A month before seeing the installation at MASS MoCA, I went in search of just one New York City ball to add to the effort. I stepped into a playground on East 94th Street. A girl smacked a tennis ball against a wall, a high school boy shot free-throws, a boy and a girl went head to head in a strikeout match. I didn't find a ball. What I found instead that afternoon was the carefree experience of the all-mighty, omnipresent ball before it's lost, in its ultimately boundless utilitarian glory. I returned to the empty park six hours later and still no found ball turned up.
I looked for a ball for weeks. I decided New York kids are too shrewd or too stingy to abandon a toy and realized that one cannot force this process of Danny O's.

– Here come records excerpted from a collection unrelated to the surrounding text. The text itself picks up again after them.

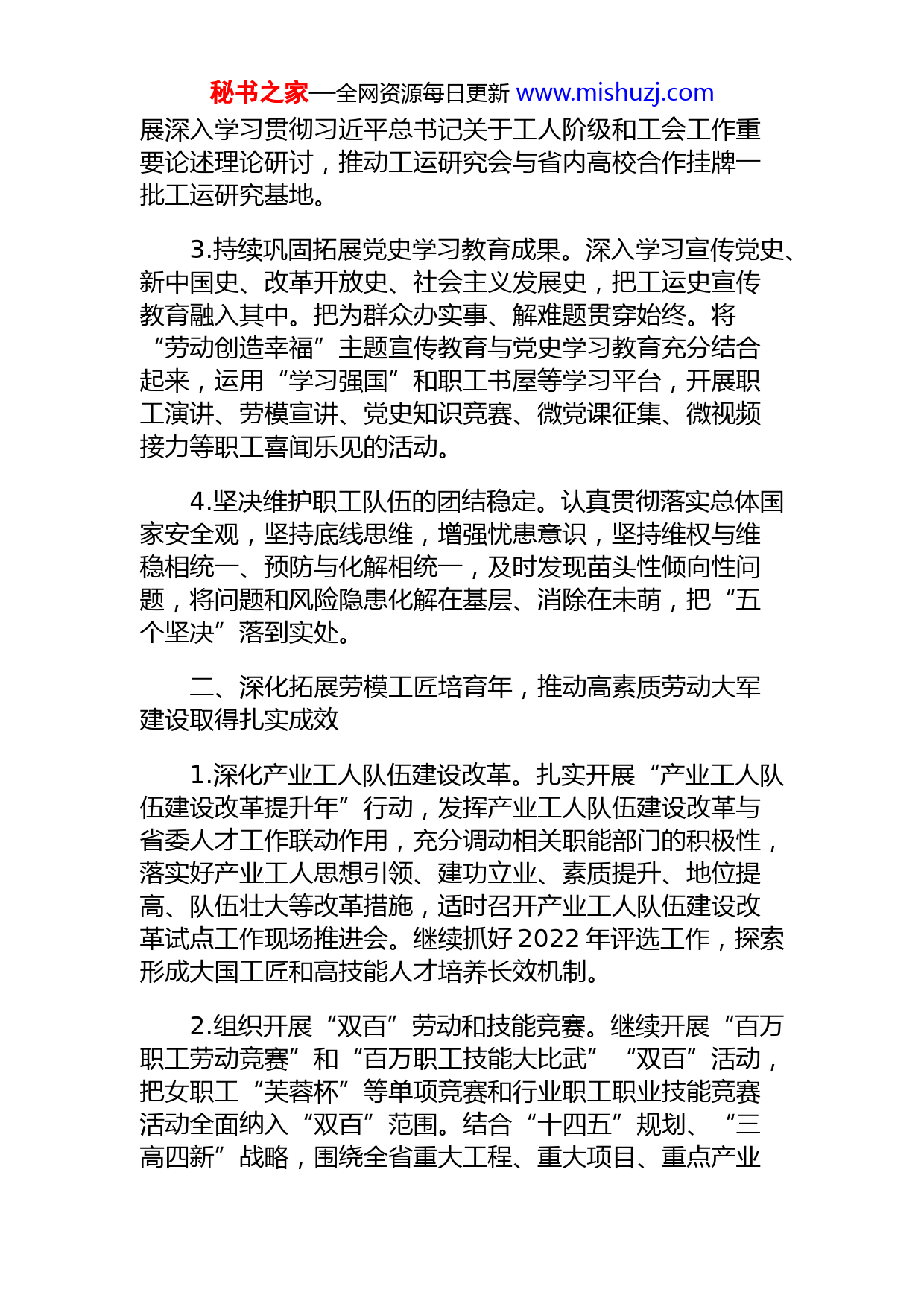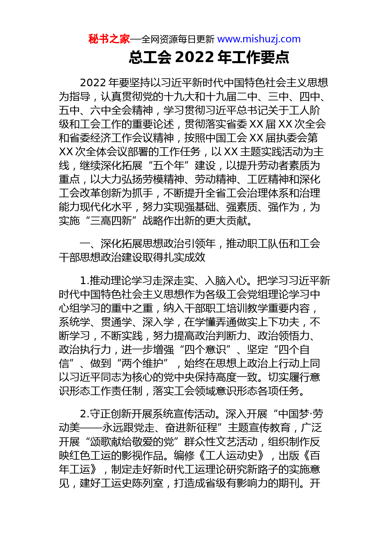 秘书之家—全网资源每日更新www.mishuzj.com总工会2022年工作要点2022年要坚持以习近平新时代中国特色社会主义思想为指导,认真贯彻党的十九大和十九届二中、三中、四中、五中、六中全会精神,学习贯彻习近平总书记关于工人阶级和工会工作的重要论述,贯彻落实省委XX届XX次全会和省委经济工作会议精神,按照中国工会XX届执委会第XX次全体会议部署的工作任务,以XX主题实践活动为主线,继续深化拓展“五个年”建设,以提升劳动者素质为重点,以大力弘扬劳模精神、劳动精神、工匠精神和深化工会改革创新为抓手,不断提升全省工会治理体系和治理能力现代化水平,努力实现强基础、强素质、强作为,为实施“三高四新”战略作出新的更大贡献。一、深化拓展思想政治引领年,推动职工队伍和工会干部思想政治建设取得扎实成效1.推动理论学习走深走实、入脑入心。把学习习近平新时代中国特色社会主义思想作为各级工会党组理论学习中心组学习的重中之重,纳入干部职工培训教学重要内容,系统学、贯通学、深入学,在学懂弄通做实上下功夫,不断学习,不断实践,努力提高政治判断力、政治领悟力、政治执行力,进一步增强“四个意识”、坚定“四个自信”、做到“两个维护”,始终在思想上政治上行动上同以习近平同志为核心的党中央保持高度一致。切实履行意识形态工作责任制,落实工会领域意识形态各项任务。2.守正创新开展系统宣传活动。深入开展“中国梦·劳动美——永远跟党走、奋进新征程”主题宣传教育,广泛开展“颂歌献给敬爱的党”群众性文艺活动,组织制作反映红色工运的影视作品。编修《工人运动史》,出版《百年工运》,制定走好新时代工运理论研究新路子的实施意见,建好工运史陈列室,打造成省级有影响力的期刊。开秘书之家—全网资源每日更新www.mishuzj.com展深入学习贯彻习近平总书记关于工人阶级和工会工作重要论述理论研讨,推动工运研究会与省内高校合作挂牌一批工运研究基地。3.持续巩固拓展党史学习教育成果。深入学习宣传党史、新中国史、改革开放史、社会主义发展史,把工运史宣传教育融入其中。把为群众办实事、解难题贯穿始终。将“劳动创造幸福”主题宣传教育与党史学习教育充分结合起来,运用“学习强国”和职工书屋等学习平台,开展职工演讲、劳模宣讲、党史知识竞赛、微党课征集、微视频接力等职工喜闻乐见的活动。4.坚决维护职工队伍的团结稳定。认真贯彻落实总体国家安全观,坚持底线思维,增强忧患意识,坚持维权与维稳相统一、预防与化解相统一,及时发现苗头性倾向性问题,将问题和风险隐患化解在基层、消除在未萌,把“五个坚决”落到实处。二、深化拓展劳模工匠培育年,推动高素质劳动大军建设取得扎实成效1.深化产业工人队伍建设改革。扎实开展“产业工人队伍建设改革提升年”行动,发挥产业工人队伍建设改革与省委人才工作联动作用,充分调动相关职能部门的积极性,落实好产业工人思想引领、建功立业、素质提升、地位提高、队伍壮大等改革措施,适时召开产业工人队伍建设改革试点工作现场推进会。继续抓好2022年评选工作,探索形成大国工匠和高技能人才培养长效机制。2.组织开展“双百”劳动和技能竞赛。继续开展“百万职工劳动竞赛”和“百万职工技能大比武”“双百”活动,把女职工“芙蓉杯”等单项竞赛和行业职工职业技能竞赛活动全面纳入“双百”范围。结合“十四五”规划、“三高四新”战略,围绕全省重大工程、重大项目、重点产业秘书之家—全网资源每日更新www.mishuzj.com优化竞赛门类。深化拓展“五小”活动内涵。组织好全省第七届职工职业技能大赛,做好全国第七届职工职业技能大赛参赛工作。完善竞赛绩效评估指标体系,推动健全竞赛同劳模评选、职称评定、技术等级认定、工资收入等相融合的体制机制,贯彻落实《关于进一步提高非公企业劳动和技能竞赛工作水平的意见》,探索开展竞赛的新形式。3.大力弘扬劳模精神、劳动精神、工匠精神。定期研究劳模推荐评选与管理服务工作,创新劳模服务方式,推动落实劳模政策。加强新时代劳动教育,开展“劳模进校园”“大国工匠进校园”等活动,教育引导青少年学生崇尚劳动、尊重劳动、热爱劳动。实施劳模宣讲“百千万”计划,组织开展全省第XX个工人阶级宣传月等系列活动。牵头筹备好庆祝“五一”国际劳动节暨表彰劳动模范和优秀工匠大会。三、深化拓展维权帮扶服务年,推动工会服务职工体系建设取得扎实成效1.健全完善常态化服务职工机制。紧密结合“我为职工办实事”实践活动,构建以精准帮扶为重点的服务职工工作体系,推动春送岗位、夏送清凉、金秋助学、冬送温暖、职工医疗互助、工会法律援助、女职工关爱行动、工会户外劳动者服务站点等工会服务品牌常态化、制度化、规范化,着力建设新时代“双联”工作品牌。巩固城市困难职工解困脱困成果,建立健全困难职工家庭常态化帮扶机制。2.推进职工依法维权服务。结合工会实际谋划好八五普法工作,在工会法规建设、法律宣传、依法维权、法律工作者队伍建设等方面出实招,积极推动和参与同职工利益密切相关的就业、医疗、养老、住房、工伤等法律法规和政策文件制定和修改,充分反映职工和工会组织
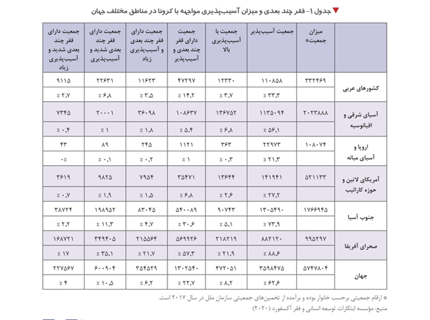 فقر چند بعدی و میزان آسیب پذیری مواجهه با کرونا در مناطق مختلف جهان به این شرح است: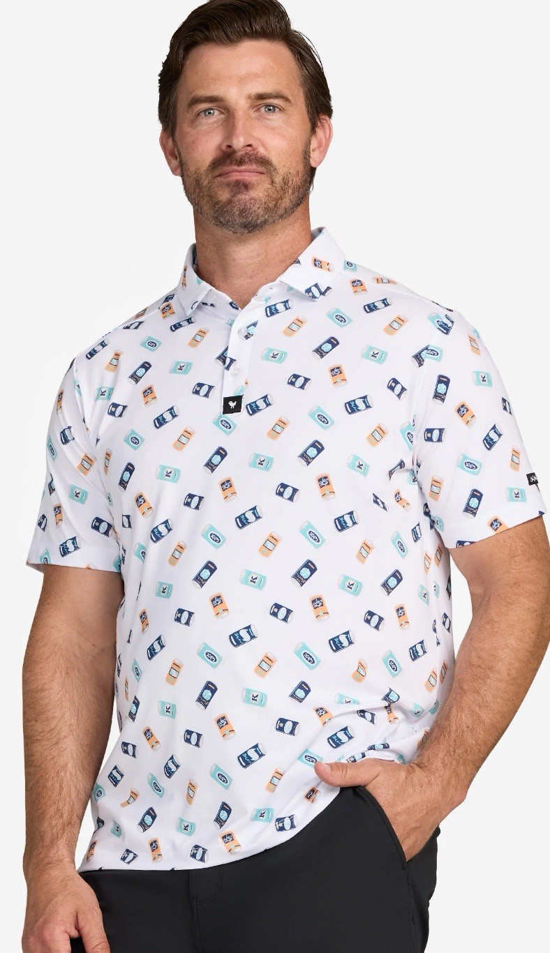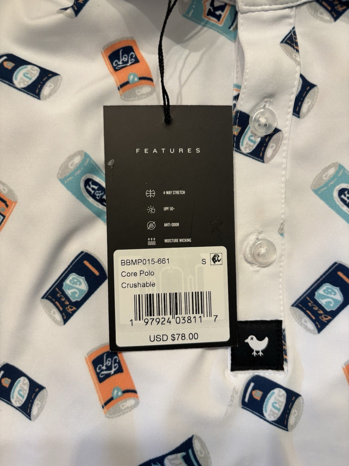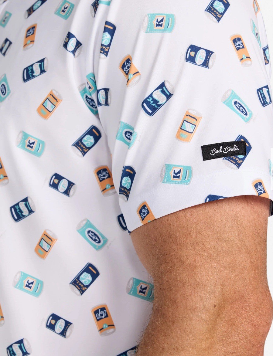 Bad Birdie Core Short Sleeve White Golf Polo Crushable Beer Can Men's Size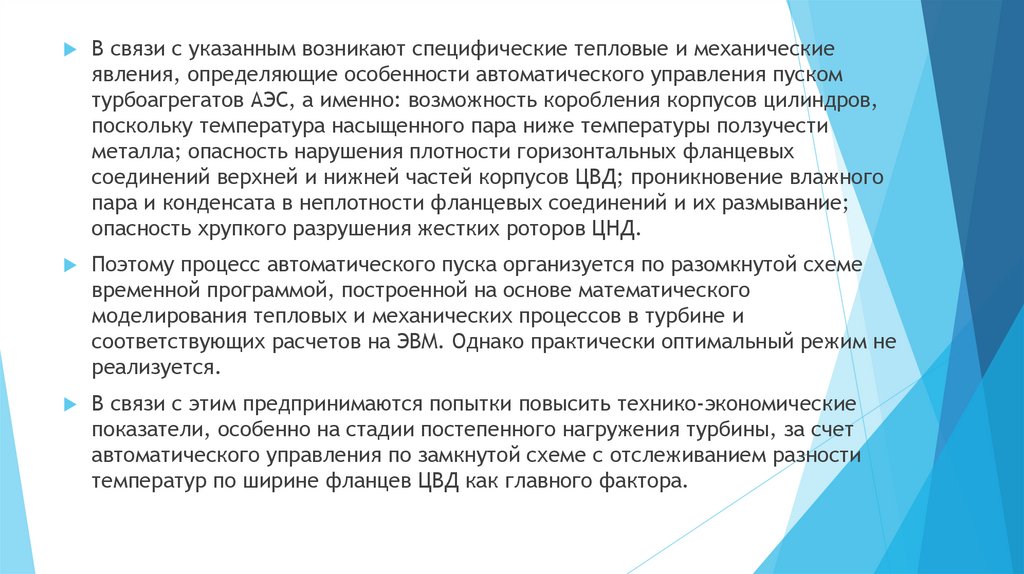 В связи с указанным возникают специфические тепловые и механическиеявления, определяющие особенности автоматического управления пуском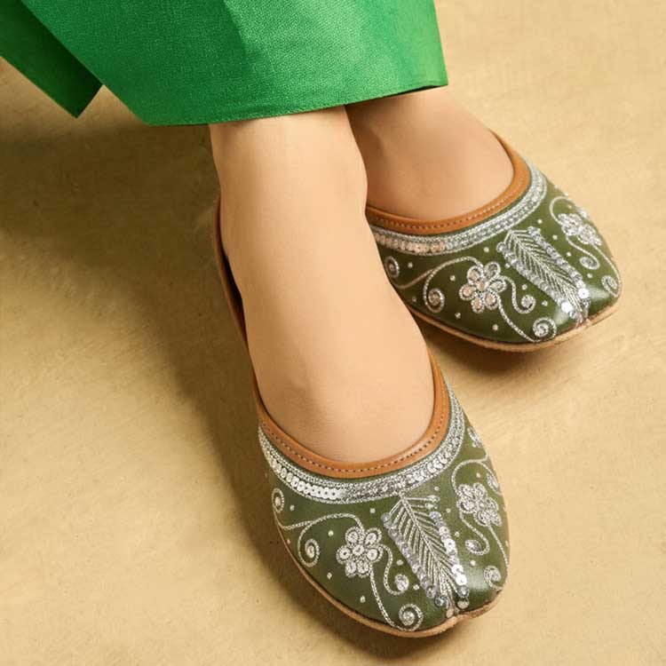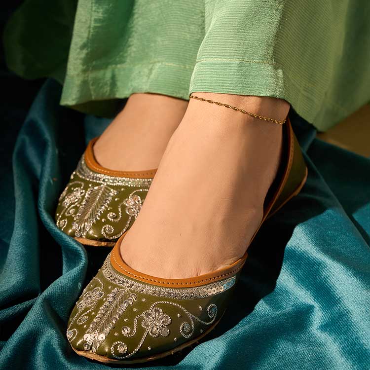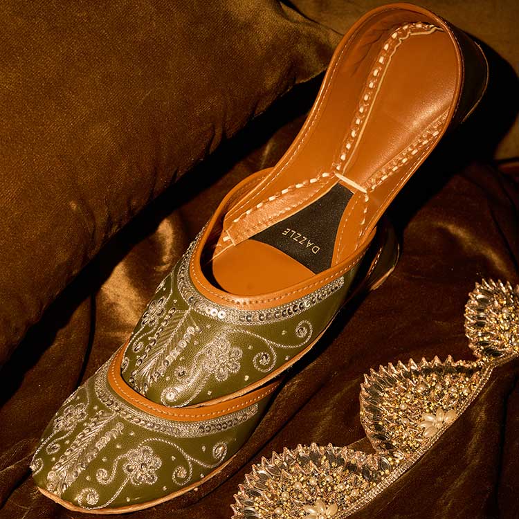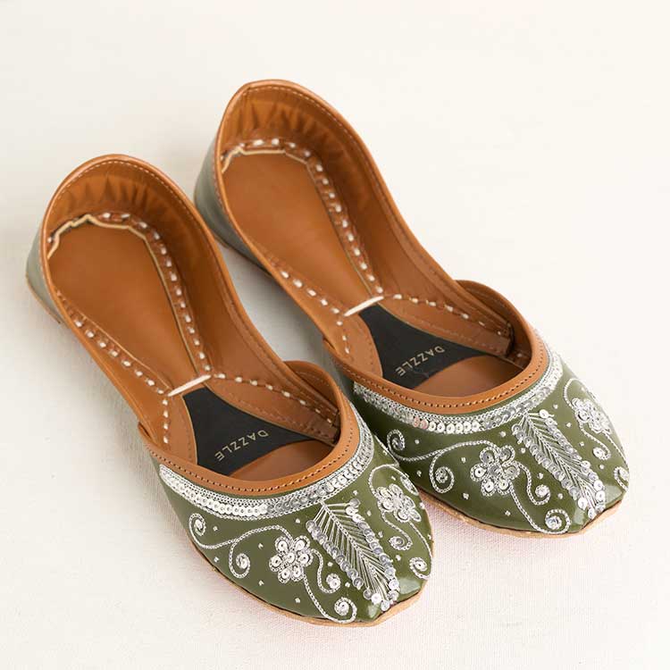 Rosheen features a rich olive-green base beautifully adorned with delicate silver tilla work. The floral and swirl patterns bring a graceful shimmer to every step. Its detailed upper design makes it perfect for festive and formal looks.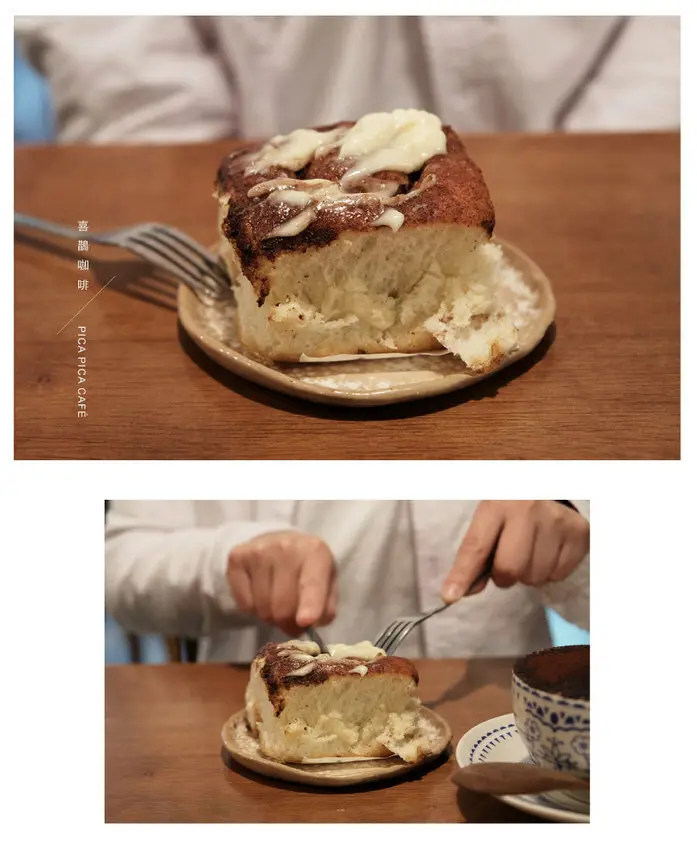這次的主角「肉桂捲」上層滿滿的糖霜,微甜不膩!喜鵲咖啡的肉桂捲是以麵包體為主,鬆軟、肉桂味也很足夠,美中不足是少了一點脆感,有點可惜~少了一點層次!但整體還是很喜歡的!<全文介紹>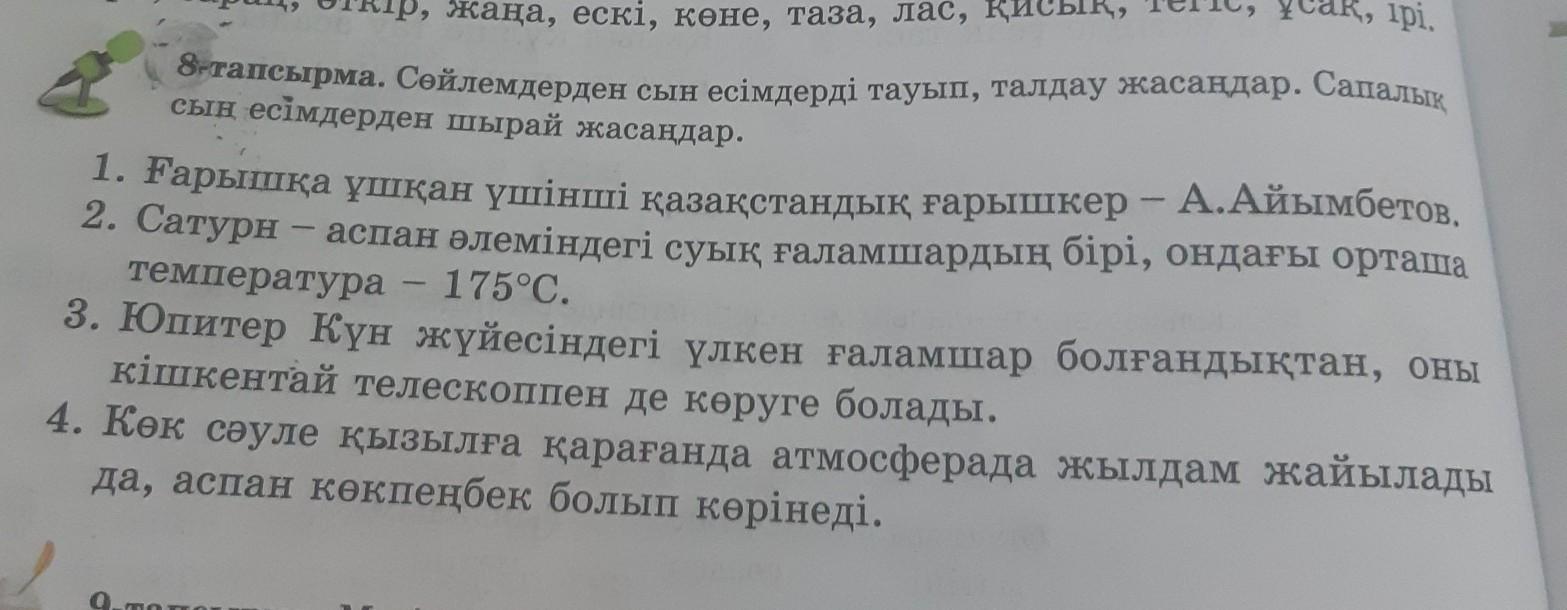 8 тапсырма. Сөйлемдерден сын есімдерді тауып, талдау жасаңдар. Сапалық сын есімдерден шырай жасаңдар. 1. Ғарышқа ұшқан үшінші қазақстандық ғарышкер – А.Айымбетов. 2. Сатурн — аспан әлеміндегі суық ғаламшардың бірі, ондағы орташа температура 175°С. 3. Юпитер Күн жүйесіндегі үлкен ғаламшар болғандықтан, оны кішкентай телескоппен де көруге болады. 4. Көк сәуле қызылға қарағанда атмосферада жылдам жайылады да, аспан көкпеңбек болып көрінеді.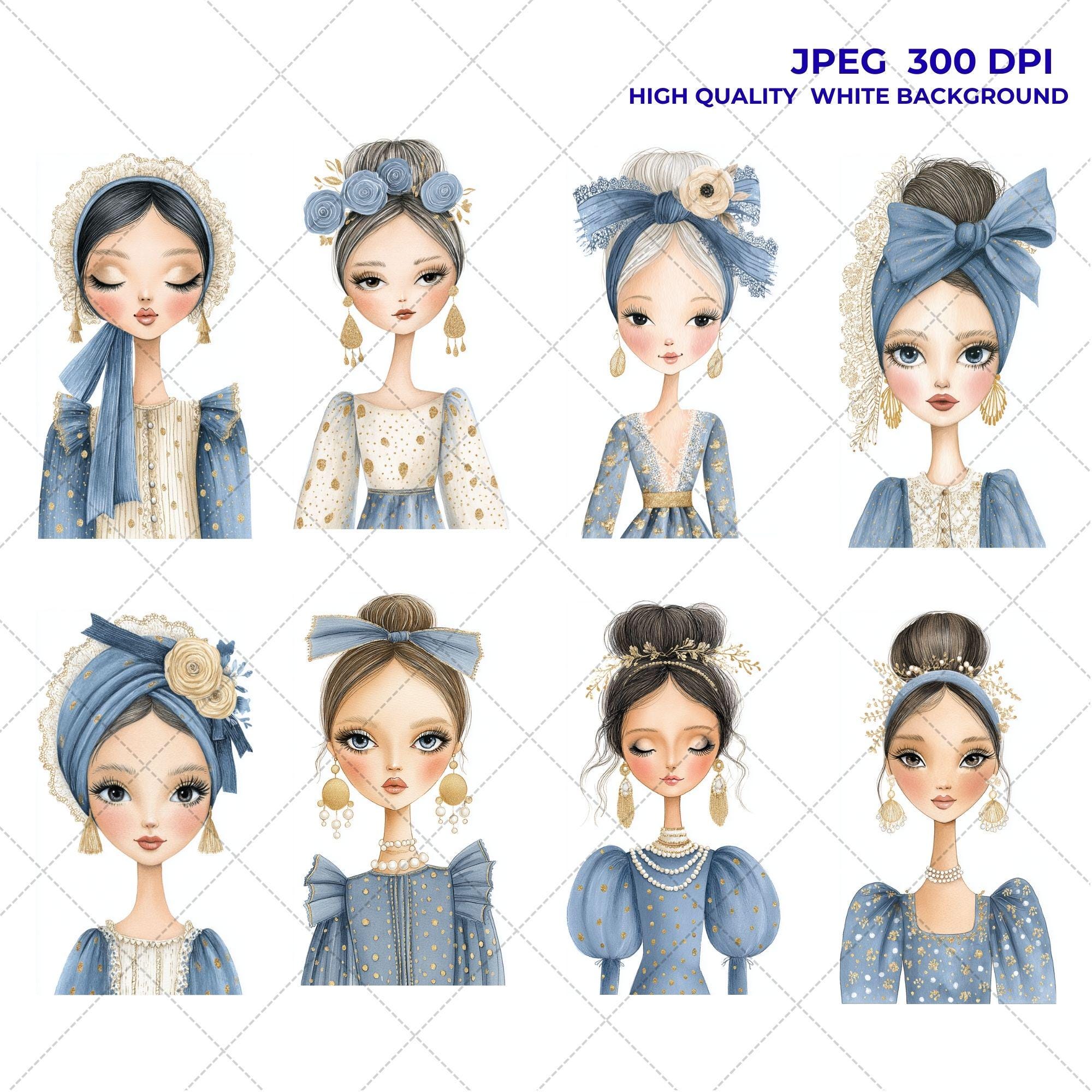This Victorian Ladies Clipart bundle captures the beauty, charm, and refined style of classic Victorian women—perfect for creators who adore feminine vintage aesthetics. Each illustration is detailed with blue fashion elements, soft facial expressions, and elegant hairstyles, making this Victorian Ladies Clipart collection ideal for journals, invitations, branding, packaging, and crafts.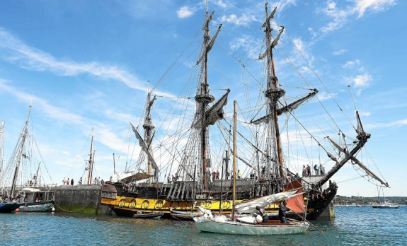 « Dans l’après-midi, le groupe de militants, dont une majorité de personnes extérieures à la presqu’île de Crozon (NDA: des Ukrainiennes, un Ukrainien et un breton, du Finistère sud et de Brest), s’est rassemblé devant cette réplique d’un navire de guerre russe du XVIIIe siècle, pour dire leur mécontentement de voir le pavillon ukrainien hissé au côté de celui de la Russie. « Il est insupportable pour des Ukrainiens de voir leur pavillon national exhibé, comme un trophée, par un navire aux couleurs du pays qui les envahit » rapporte l’un des militants, Bernard Grua, sur son compte Twitter » (Carole Tymen.Ouest-France, le 16/08/2022)

This project requires the artist to be in the exact right place at the exact right moment thousands of times over.
IV.
While consumed with his hunt for found balls, O'Connor has left the Fort Point, Boston studio he has occupied for seven years, secured a new studio in the Berkshires and an apartment Williamsburg, Brooklyn. He has also landed a long-term contract creating Berkshire landscapes with Boxcar Media. So don't be surprised if you see a flotilla of brightly colored orbs floating down the East River. He has nowhere to store his behemoth and would be proud to give his treasure back to the spirits. This project is far from finished.